If she heard the faint mockery in his voice, she didn’t react to it. “I’ll come with you, Jan. I know the Starkkapitän, and I know the Garde Civile. I can be your mentor in this. Go on and have Roderigo summon them. I’ll follow in a moment.”
Jan’s eyebrows rose, annoyed at the obvious dismissal, but he gave Semini the sign of Cénzi and bowed slightly to his matarh. “Thank you for relaying this information, Archigos,” he told Semini. “We will need your strength and guidance in this. Matarh, I will talk with you later.”
He left them, all but a few of the gardai forming around him as he departed the temple. “Your son will be a fine Hïrzg,” he heard Semini growl in his low voice as he reached the doors. He assumed that it was timed so he would overhear it and think the praise genuine.
He smiled to himself. He
would
be a fine Hïrzg. He would surprise both of them with just how effective a leader he would be.
He suspected they might not like the result.
Allesandra ca’Vörl
T
HE WALKWAY AT THE REAR of the temple was dark, illuminated only sporadically by green-shuttered téni-lamps hung on porcelain hooks mortared to the wall.
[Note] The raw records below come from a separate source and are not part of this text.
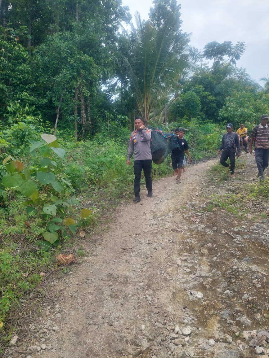 Kejadian tersebut kemudian dilaporkan ke Polisi. Dibawah pimpinan IPDA Andi, Korban selanjutnya dievakuasi oleh warga bersama personel Polsek Bunta, ke perkampungan.
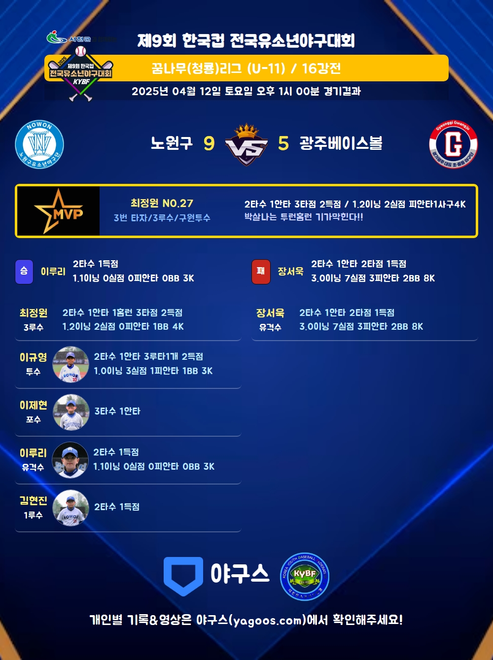 | 광주베이스볼 | 0 | 2 | 0 | 3 | 0 | 0 | 5 | 1 | 2 | 11 | 6 |
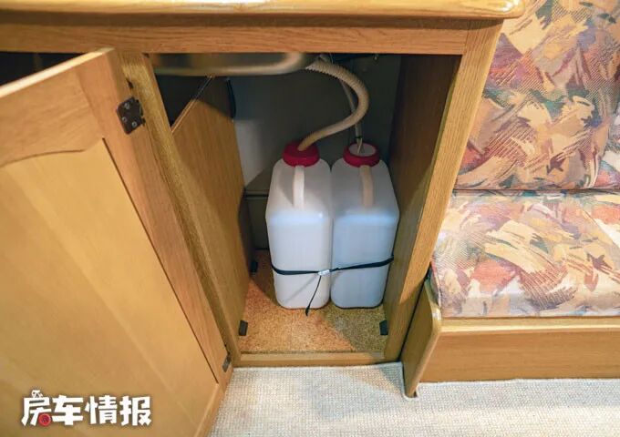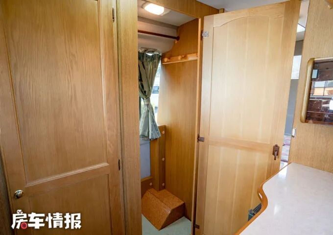 在厨房对侧其实是一个储物柜+淋浴间(或者更衣室)的位置,一般国外的房车停在营地较多,营地里上厕所和洗澡都比较方便,所以车内对卫生间的需求并不高。
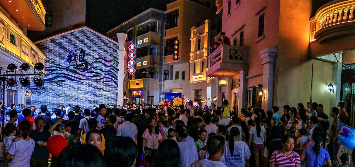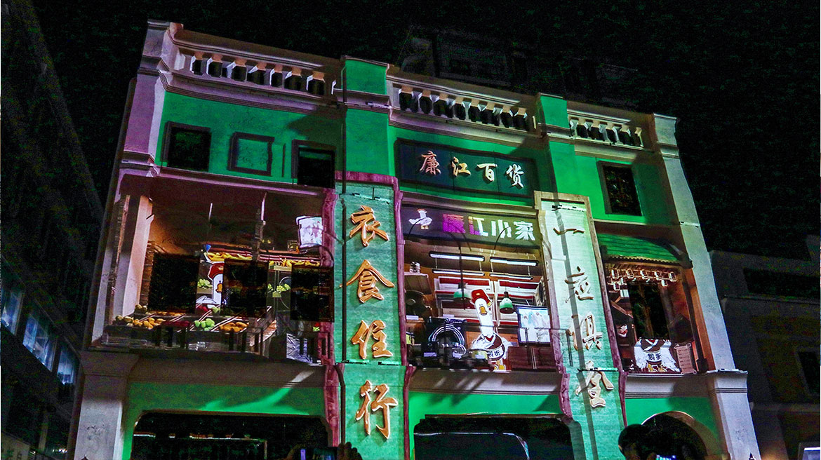 改造后的廉江鵝街在絢麗的燈光秀表演下
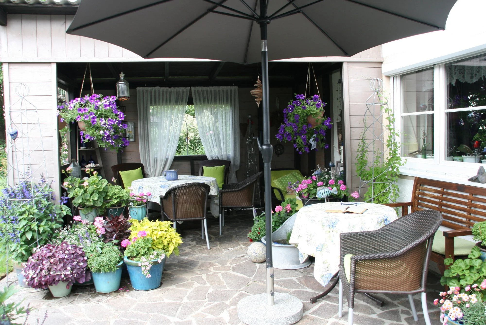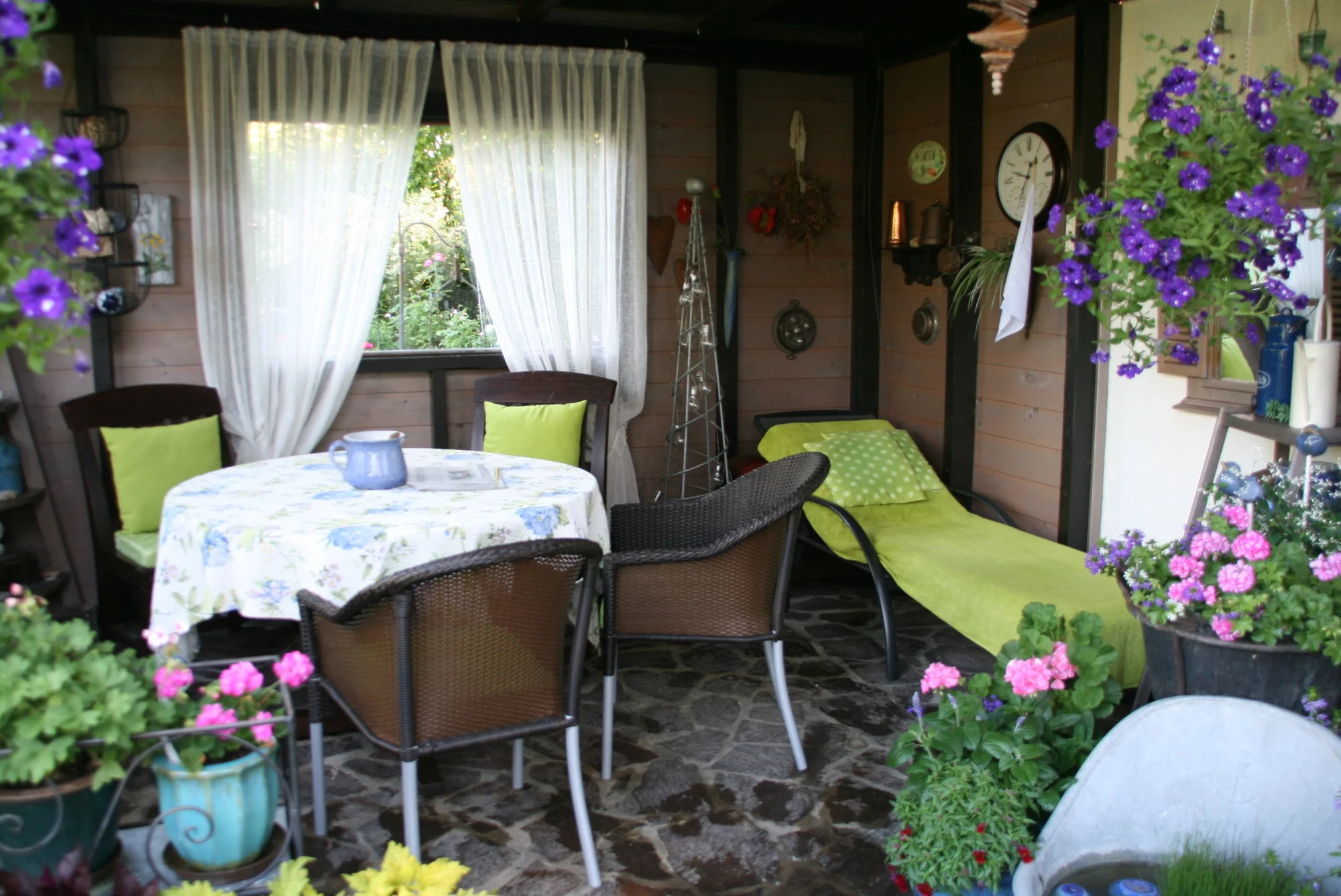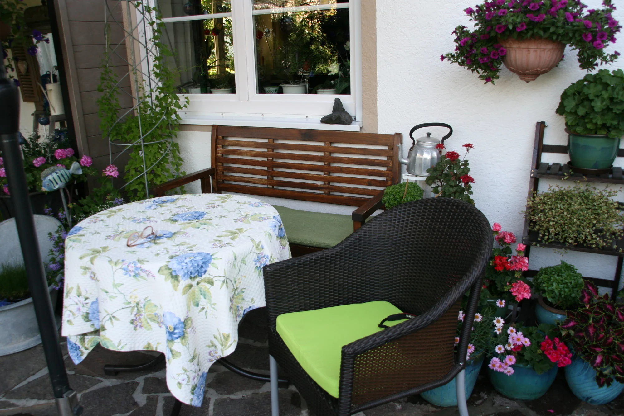 Wie der Bus Österreicher bei mir waren zum Garten anschauen, habe ich mein Sommerhäusl besonders geschmückt mit schönen Tischdecken. Rudi mußt natürlich sein Mittagsschläfchen auf meiner Liege (seiner Liege) machen.

Fluted columns lined the walk, shielding it from the gardens of a courtyard between the northern wing of the temple complex and the temple itself. The great windows of stained glass loomed dark above her. Allesandra half-ran along the walkway, not wanting to be seen though she’d been assured that no téni would be in the area, the soft leather soles of her sandals hushing on polished granite. It had been easy enough to slip from her own rooms at the palais down the servants’ corridors, waiting until there was no one watching to open the door and hurry across the plaza and into the Brezno streets. She wore a cowl over her hair, shadowing her face, and her tashta was plain. She might have been just another woman hurrying home in the evening. Semini had told her which door would be open, and which places the téni generally avoided. The ceremonies for Third Call had ended a turn of the glass ago.